We thank Moran et al for their interest and comments on our manuscript “Short communication: selective cytotoxicity of curcumin on osteosarcoma cells compared to healthy osteoblasts” recently published in the International Journal of Nanomedicine.¹ The main point of their letter to the Editor concerns the different cytotoxicity values we have reported for curcumin on osteosarcoma cells (MG-63) compared to other studies. We would like to emphasize that it is very difficult to compare toxicity studies from one group to the next due to the variations in experimental protocols followed. We have observed many variations between our experiments and those experiments cited in the literature by Moran et al. For example, we note that for our study we used the recommended cell culture medium for MG-63 cells as indicated by the vendor (ATCC): Eagle’s Minimal Essential Medium (EMEM) supplemented with 10% fetal bovine serum. In the studies conducted by Walters et al² and Li et al³ Dulbecco’s Modified Eagle’s Medium (DMEM) (not EMEM) was used. While this may seem to be a minor point, we would like to point out that there are differences in amino acid composition between EMEM and DMEM that can influence MG-63 cell functions. Specifically, EMEM has more amino acids including L-Alanine, L-Asparagin H₂O, and L-Asparatic Acid. Another major difference between the studies indicated by Moran et al is the manner in which cellular toxicity was determined. In the articles referenced, they expressed MG-63 cell viability by the ratio of optical density of the samples to controls, but this method may not be as precise as the method we followed (converting the optical density to actual cell density by a standard curve) since a few cells could produce moderate optical density. We believe that reporting specific cell densities is a more precise manner to report cellular toxicities.
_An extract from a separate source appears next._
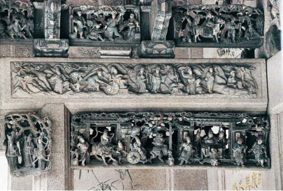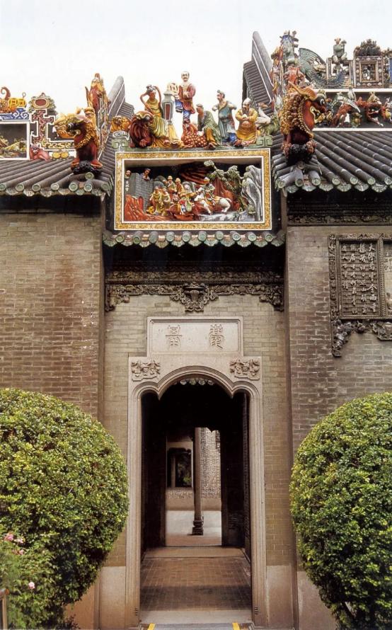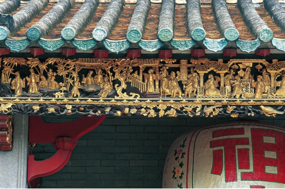 岭南砖雕有纤巧、玲珑、精细如丝的工艺特点,习惯称之为“挂线砖雕”。有广州陈家祠大型砖雕可证。灰塑是用石灰、麻丝、纸浆和铁丝等堆塑而成,它制作自如,可塑性大,常用在脊饰和檐下,也可塑成翼角,多为鳌头、走兽等立体造型。陶塑瓦脊是指用泥塑好的形象经过窑火煅烧而成的建筑饰件,它不怕风雨,久保色泽,以佛山石湾陶塑最为知。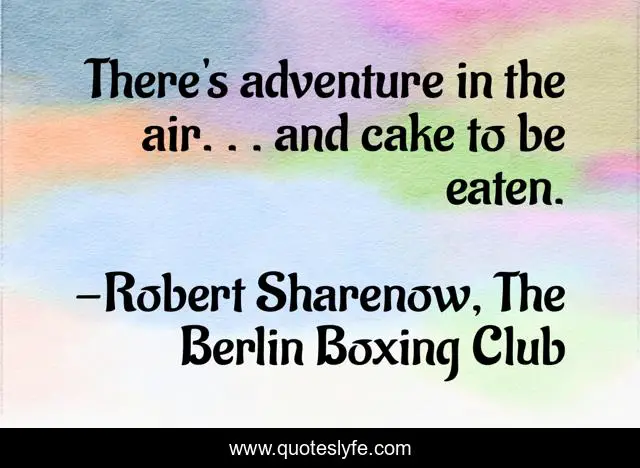 This page presents the quote "There's adventure in the air. . . and cake to be eaten.". Author of this quote is Robert Sharenow, The Berlin Boxing Club. This quote is about life, adventure,.

Nonetheless, we feel the value in these studies, although remaining difficult to compare specific curcumin concentration results between them, lies in the general trends observed. For example, in our study, that a different concentration of curcumin can be used to kill osteosarcoma cells than noncancerous osteoblasts. Of course, when translating these results in vivo, we are sure that different toxic concentrations of curcumin will also be observed which needs careful attention for eventual clinical use.

Disclosure

The authors report no conflicts of interest in this communication.

---

References

1.		Chang R, Sun L, Webster TJ. Short communication: selective cytotoxicity of curcumin on osteosarcoma cells compared to healthy osteoblasts. Int J Nanomedicine. 2014;9:461–465.
2.		Walters DK, Muff R, Langsam B, Born W, Fuchs B. Cytotoxic effects of curcumin on osteosarcoma cell lines. Invest New Drugs. 2008; 26(4):289–297.
3.		Li Y, Zhang J, Ma D, et al. Curcumin inhibits proliferation and invasion of osteosarcoma cells through inactivation of Notch-1 signaling. FEBS J. 2012;279(12):2247–2259.